▶ _EXERCISE AIM_: Retype exactly the lines of the listing below from the one with "Tシャツ レディース カットソー" through the last, both included, and leave every picture out.

▶ _DATA BELOW_:
--*--
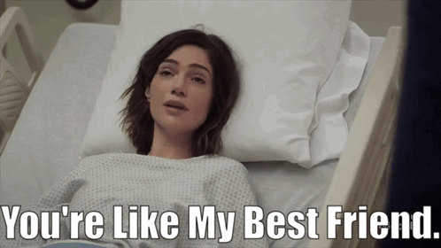 Lauren Bloom (Janet Montgomery) in a hospital bed, expressing 'You're Like My Best Friend.'
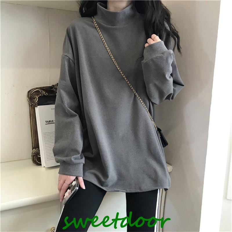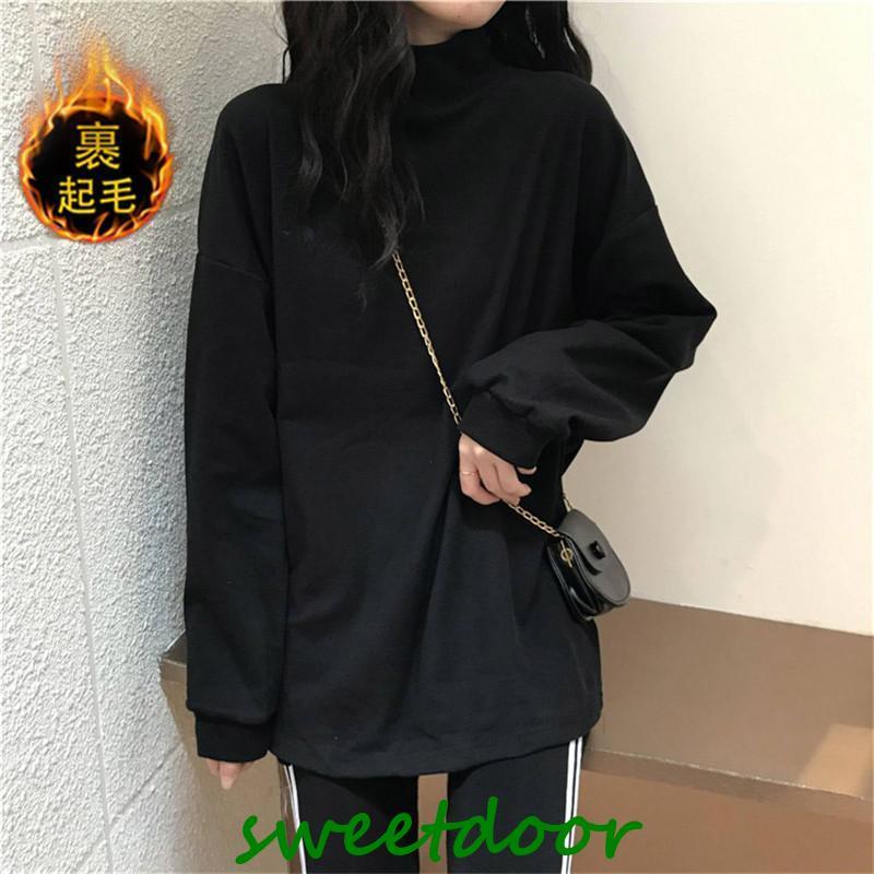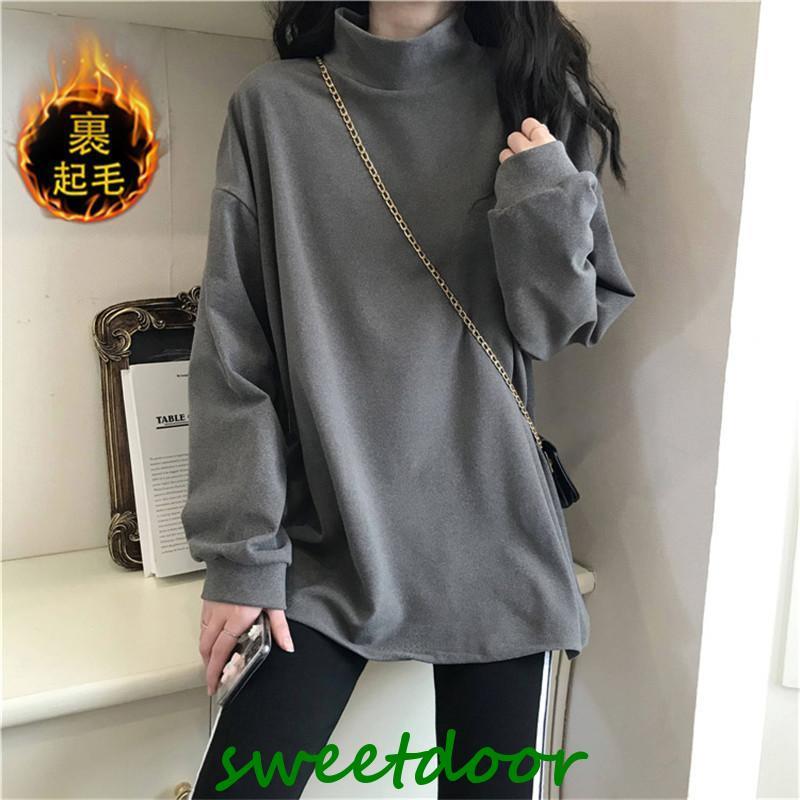 Tシャツ レディース カットソー 長袖 ロングT インナー 裏起毛 プルオーバー レイヤード ハイネック ゆったり 着痩せ 厚手 通勤 きれいめ 春秋 新作
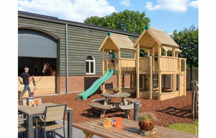 Gecertificeerd voor commercieel gebruik en compact, het ideale houten speelhuis voor scholen, sportcomplex, kinderopvang of vakantiepark.
--*--
▶ _WORKED SOLUTION_:
 Tシャツ レディース カットソー 長袖 ロングT インナー 裏起毛 プルオーバー レイヤード ハイネック ゆったり 着痩せ 厚手 通勤 きれいめ 春秋 新作
 Gecertificeerd voor commercieel gebruik en compact, het ideale houten speelhuis voor scholen, sportcomplex, kinderopvang of vakantiepark.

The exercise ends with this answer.